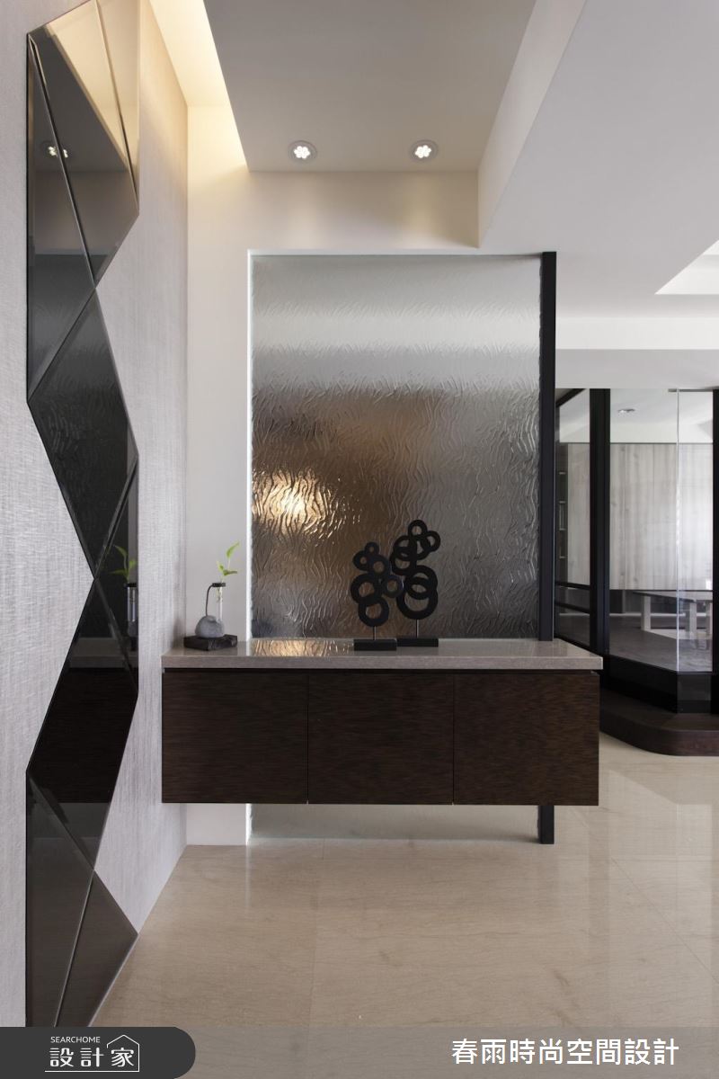 玄關以幾何圖樣以及與霧面屏隔結合的懸櫃,打造輕盈俐落的端景,同時抹除了開門見餐桌的尷尬感。右側以加入菱形花紋玻璃的櫃體收攏變電箱,更身兼置物空間。客廳與多功能和室之間以石材、鏡面與花紋玻璃取代實牆,成功的增加通透性與寬敞度。以灰玻框設獨立廚房,外部吧台與電器櫃空間,和餐廳形成順暢的烹飪動線,並將客衛入口隱藏於木皮牆面,搭配交錯玻璃櫃體達到展示機能。多功能半開放和室的牆面與地坪皆含大量收納空間,設計師更在角落為各式線路機體打造了專屬收納空間,維持視覺美觀。
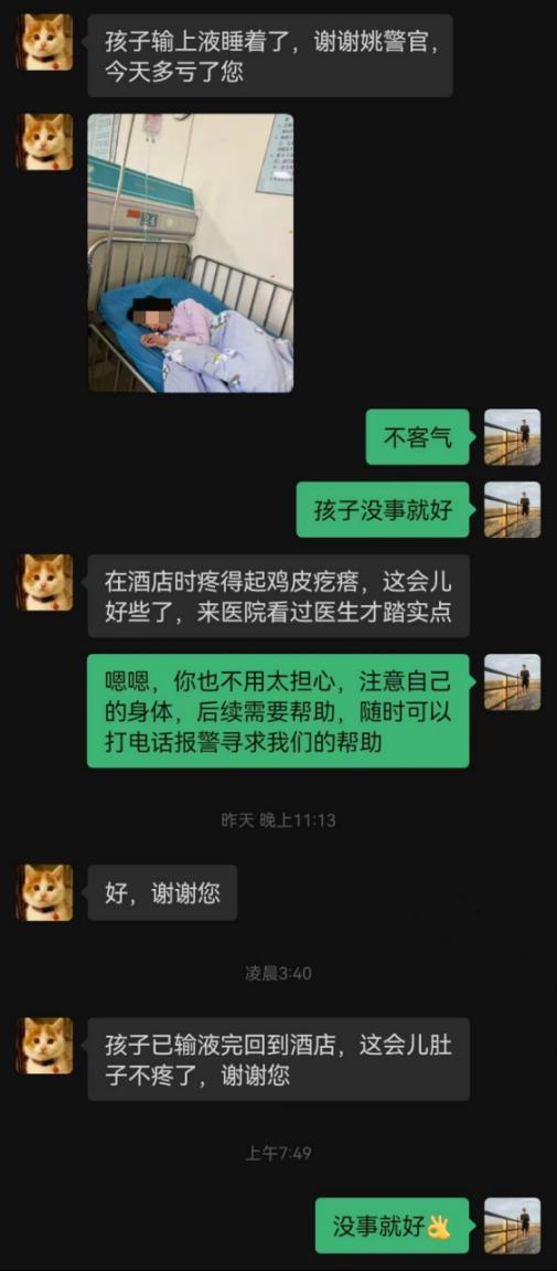 “喂,你好,我女儿食物中毒了,我叫不到车,麻烦你们能帮帮我们吗?”2月15日晚9时许,一阵急促的电话铃声打破了新村街派出所值班室的宁静。值班民警姚谌喆火速赶至酒店,只见母亲跪地抱女,孩子脸色苍白。他小心将女孩抱上警车,拉响警笛,6分钟后抵达儿童医院。送进急诊安顿好后留下电话:“有事随时打我!”凌晨3时,万女士发来短信:“孩子平稳多了,太感谢您了!”
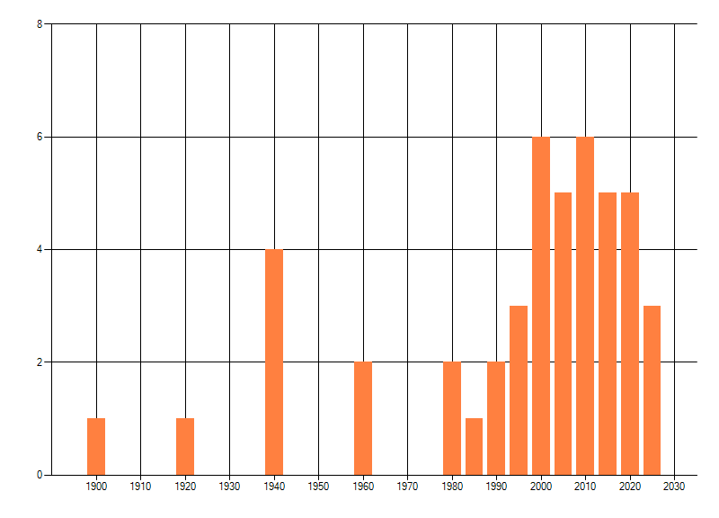Het aantal atlasblokken (5x5 km) waarin de soort is gemeld binnen een periode van vijf jaar (vanaf 1980) of twintig jaar. Niet gecorrigeerd voor waarnemersinspanning en het aantal doorgegeven waarnemingen kan sterk variëren per periode, dus een trend in verspreiding kan hier niet direct uit worden afgelezen. Het opgegeven jaartal is het eerste jaar van de periode. Bron: gevalideerde waarnemingen uit de NDFF.
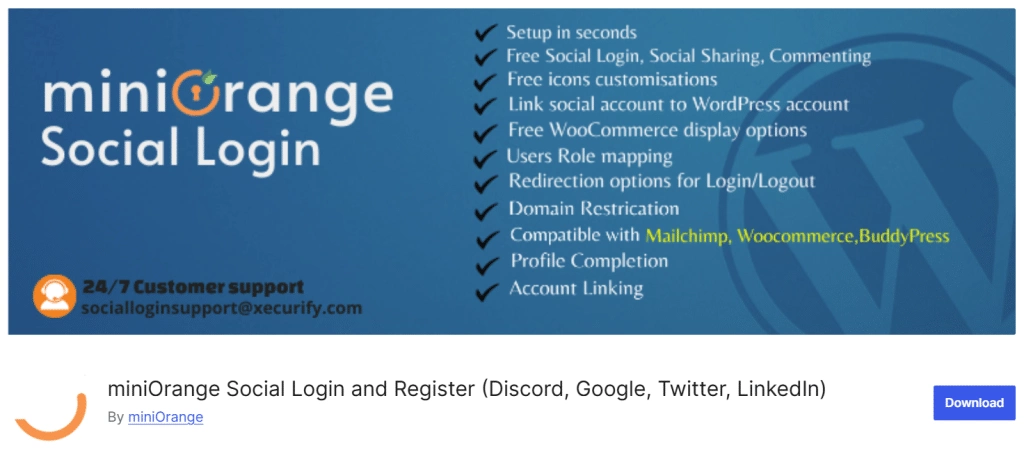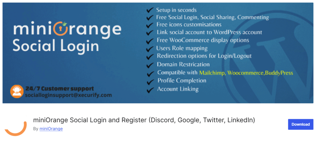 miniOrange Social Login and Register lets you add social login options to your WordPress website.

=======

● Work request
Leave out every picture and write out exactly the lines running from the line containing "Het aantal atlasblokken" to the end of the listing above.

● Finished exercise
Het aantal atlasblokken (5x5 km) waarin de soort is gemeld binnen een periode van vijf jaar (vanaf 1980) of twintig jaar. Niet gecorrigeerd voor waarnemersinspanning en het aantal doorgegeven waarnemingen kan sterk variëren per periode, dus een trend in verspreiding kan hier niet direct uit worden afgelezen. Het opgegeven jaartal is het eerste jaar van de periode. Bron: gevalideerde waarnemingen uit de NDFF.
 miniOrange Social Login and Register lets you add social login options to your WordPress website.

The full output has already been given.